Montag, 16. Juli 2018

Deutsche Post stärkt Express-Sparte mit neuen Boeing-Flugzeugen

Die Deutsche Post reagiert mit dem Kauf von 14 Boeing-Frachtflugzeugen des Typs 777 auf die steigenden Nachfrage in ihrem Express-Bereich. Die Tochter DHL Express habe sich zudem Optionen und Vorkaufsrechte für 7 weitere Flugzeuge gesichert, teilte die Post am Montag mit. Die ersten 4 Flugzeuge sollen im kommenden Jahr geliefert werden.

Die Deutsche Post reagiert mit dem Kauf von 14 Boeing-Frachtflugzeugen des Typs 777 auf die steigenden Nachfrage in ihrem Express-Bereich.
Die Deutsche Post reagiert mit dem Kauf von 14 Boeing-Frachtflugzeugen des Typs 777 auf die steigenden Nachfrage in ihrem Express-Bereich.

Boeing zufolge beläuft sich der Wert der Bestellung für die 14 Flugzeuge auf rund 4,7 Milliarden Dollar, das entspricht 4,04 Milliarden Euro. Im laufenden Jahr werden Anzahlungen der Post in einer Höhe von rund 200 Millionen Euro für die neuen Maschinen fällig – diese sind aber bereits in den Investitionsplanungen des Bonner Konzerns für 2018 enthalten.

Der neue Frachter mit „beeindruckender Reichweite ... gibt uns die Möglichkeit, noch mehr Märkte mit Direktflügen zu bedienen“, sagte der für DHL Express zuständige Vorstand Ken Allen.

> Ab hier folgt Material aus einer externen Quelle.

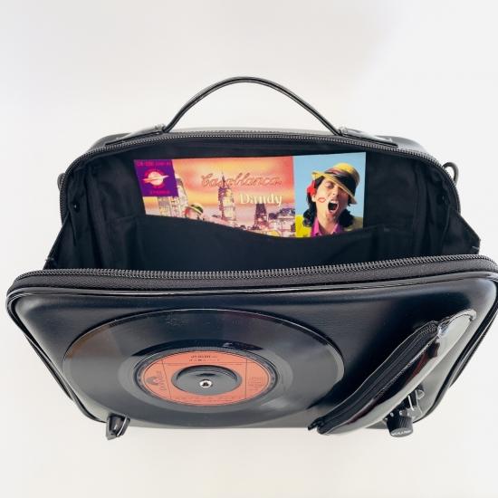 このバッグのポイントは お好きなドーナツ盤のレコードを送って頂ければレコードプレーヤー型のバッグにして 世界でたった一つの貴方だけのオリジナルをお創りできるというセミオーダーの企画です。コレこそ日本で作っているからこそ出来る細かい対応なのです!貴方の大好きなミュージシャンのドーナツ盤はNetや中古を扱っているレコード屋さんに行って捜してみましょう。画像のような黒いレコードだけでなく絵や写真がプリントされてるピクチャーレコード とか 色のついたカラーレコード、真ん中に貼ってあるラベル(レーベル)も面白いモノがイッパイあります。 貴方の感性をくすぐるレコードアートを楽しんで是非覗いてみて下さい。レコード盤を送って頂いた方は特注料金¥15950にてお受けいたします。
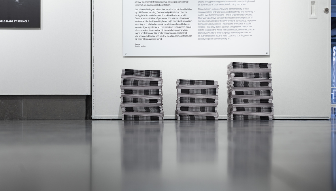 This exhibition explores how nine contemporary artists approach ideas of truth, facts, and objectivity, and how they – guided by ethical reflections – make urgent matters visible. Their work portrays some of the most challenging issues of our time: human rights, the environment, democracy, migration, technology, and violence. The projects are rooted in social realities – but they do not attempt to represent reality. The artists step into the world, turn to archives, and nuance established views. Here, the truth plays a central part – not as an authoritarian or neutral vision, but as a starting point for socially engaged contemporary art.
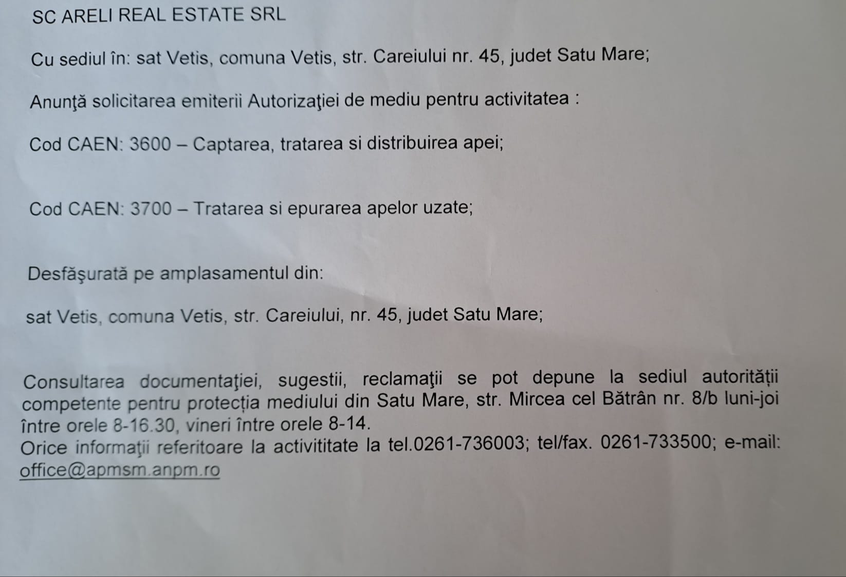 ANUNŢ REAL ESTATE Publicitate • 05.08.2025 00:00 Distribuie: Primește ziarul gratuit pe email! Abonează-te și citești ziarul Gazeta Nord-Vest zilnic, gratuit. Abonează-te Acasa Publicitate ANUNŢ REAL ESTATE Articole Similare Publicitate ANUNȚ MEDIU ROMANTIC AIM SRL acum 1 zi Publicitate Anunț SC Bio Piersicuta SRL – pentru Ocolul Silvic Codrii Satmarului acum 3 zile Publicitate Anunt mediu Distribuție Energie Electrică Romania – Sucursala Satu Mare acum 4 zile Publicitate ANUNȚ POMIAN VASILE acum 4 zile Publicitate Anunț Mediu BOVAGRO Pișcari acum 1 saptamana Publicitate Condoleanțe Szabó Francisc acum 2 saptamani Ultimele Articole Locale Complexul de Educație Ecologică „Casa verde” din Grădina Romei, a fost gazda festivității de lansare a unui nou proiect de mediu cu titlul: GRĂDINIȚE SALVATOARE DE RÂURI acum 4 ore Locale Viceprimarul Cristina Tămășan Ilieș felicită Poliția Locală. Acțiuni intensificate împotriva cerșetoriei în Satu Mare acum 5 ore Locale Peste 10.000 de cărți electronice de identitate emise în Satu Mare. Viceprimarul Raul Băbțan: „Digitalizarea devine realitate” acum 5 ore Locale Deputatul Mircea Govor: Bugetul României a fost adoptat. Investiții importante pentru județul Satu Mare acum 5 ore Locale Cea mai mare creșă din Satu Mare, aproape de finalizare: 110 locuri pentru copii acum 5 ore Locale Deratizare în Satu Mare, în perioada 23–27 martie 2026. Avertisment pentru populație acum 5 ore Cele mai citite 1 NORD VEST TV. Slăbitul cu injecții, între speranță și risc. Avertismentul unui medic gastroenterolog din Satu Mare 2 Complexul de Educație Ecologică „Casa verde” din Grădina Romei, a fost gazda festivității de lansare a unui nou proiect de mediu cu titlul: GRĂDINIȚE SALVATOARE DE RÂURI 3 Cea mai mare creșă din Satu Mare, aproape de finalizare: 110 locuri pentru copii 4 APASERV. Grupa Albinuțelor de la Grădinița 14 Mai a descoperit drumul apei 5 Viceprimarul Cristina Tămășan Ilieș felicită Poliția Locală. Acțiuni intensificate împotriva cerșetoriei în Satu Mare Din aceeasi categorie ANUNȚ MEDIU ROMANTIC AIM SRL acum 1 zi Anunț SC Bio Piersicuta SRL – pentru Ocolul Silvic Codrii Satmarului acum 3 zile Anunt mediu Distribuție Energie Electrică Romania – Sucursala Satu Mare acum 4 zile ANUNȚ POMIAN VASILE acum 4 zile Anunț Mediu BOVAGRO Pișcari acum 1 saptamana Ultimele stiri Complexul de Educație Ecologică „Casa verde” din Grădina Romei, a fost gazda festivității de lansare a unui nou proiect de mediu cu titlul: GRĂDINIȚE SALVATOARE DE RÂURI acum 4 ore Viceprimarul Cristina Tămășan Ilieș felicită Poliția Locală. Acțiuni intensificate împotriva cerșetoriei în Satu Mare acum 5 ore Peste 10.000 de cărți electronice de identitate emise în Satu Mare. Viceprimarul Raul Băbțan: „Digitalizarea devine realitate” acum 5 ore Deputatul Mircea Govor: Bugetul României a fost adoptat. Investiții importante pentru județul Satu Mare acum 5 ore Cea mai mare creșă din Satu Mare, aproape de finalizare: 110 locuri pentru copii acum 5 ore

Der Austausch von 14 Interkontinentalfliegern biete „erhebliche Kosten- und Effizienzvorteile“. DHL Express betreibt mit 17 Partnerairlines mehr als 260 Flugzeuge, die auf über 600 Flügen am Tag in 220 Ländern unterwegs sind. Boeing hatte sich im Juni bereits Aufträge der beiden Post-Konkurrenten UPS und FedEx gesichert.

Während DHL Express in der Vergangenheit Flugzeuge vor allem geleast hatte, werde der Kauf eigener Frachter die Kostenposition der Sparte verbessern. Finanzchefin Melanie Kreis hatte im Mai gesagt, durch die neuen und effizienteren Flugzeuge werde der Konzern Treibstoffkosten sparen. Zudem gebe es immer mehr Flughäfen mit Restriktionen für ältere und laute Flugzeuge. Dort verschafften neue Frachter dem Konzern Vorteile. Die Express-Sparte glänzt im Konzern mit steigenden Umsätzen und Gewinnen – anders als das Brief- und Paketgeschäft, in dem die Bonner mit Kosten-Problemen kämpfen.